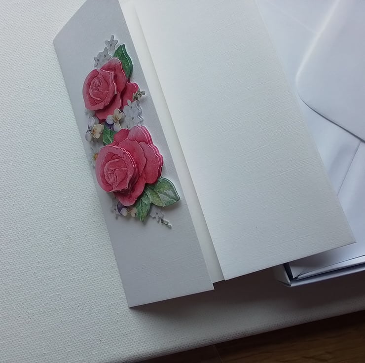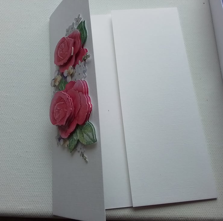 This beautiful card has 3D roses and other flowers on one side of this gatefold card. The other side being left plain.
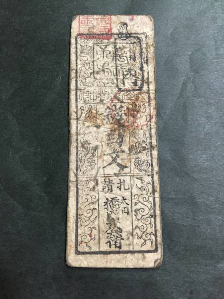 - 【藩札/私札95】 河内通用 長澤産物手形?銀百文 札請
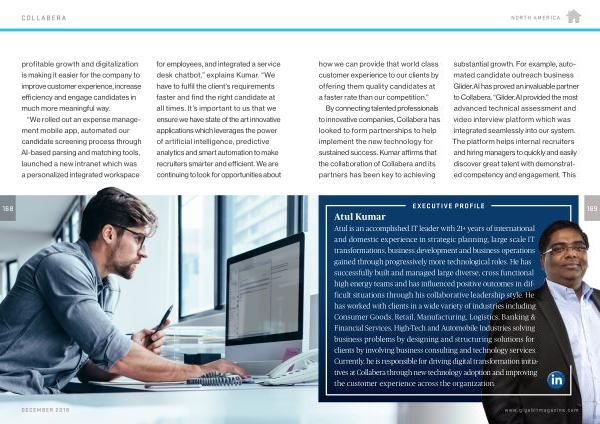 for employees , and integrated a service desk chatbot ,” explains Kumar . “ We have to fulfil the client ’ s requirements faster and find the right candidate at all times . It ’ s important to us that we ensure we have state of the art innovative applications which leverages the power of artificial intelligence , predictive analytics and smart automation to make recruiters smarter and efficient . We are continuing to look for opportunities about
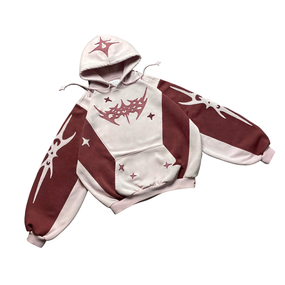 Trendy Maroon Pink Patchwork Hoodie Oversized Gothic Embroidery Pullover Heavyweight Fleece Unisex Streetwear Hoodie

(Work to complete)
Pictures are to be left out; the listing above is otherwise to be copied exactly.

(Exercise solution)
 This beautiful card has 3D roses and other flowers on one side of this gatefold card. The other side being left plain.
 - 【藩札/私札95】 河内通用 長澤産物手形?銀百文 札請
 for employees , and integrated a service desk chatbot ,” explains Kumar . “ We have to fulfil the client ’ s requirements faster and find the right candidate at all times . It ’ s important to us that we ensure we have state of the art innovative applications which leverages the power of artificial intelligence , predictive analytics and smart automation to make recruiters smarter and efficient . We are continuing to look for opportunities about
 Trendy Maroon Pink Patchwork Hoodie Oversized Gothic Embroidery Pullover Heavyweight Fleece Unisex Streetwear Hoodie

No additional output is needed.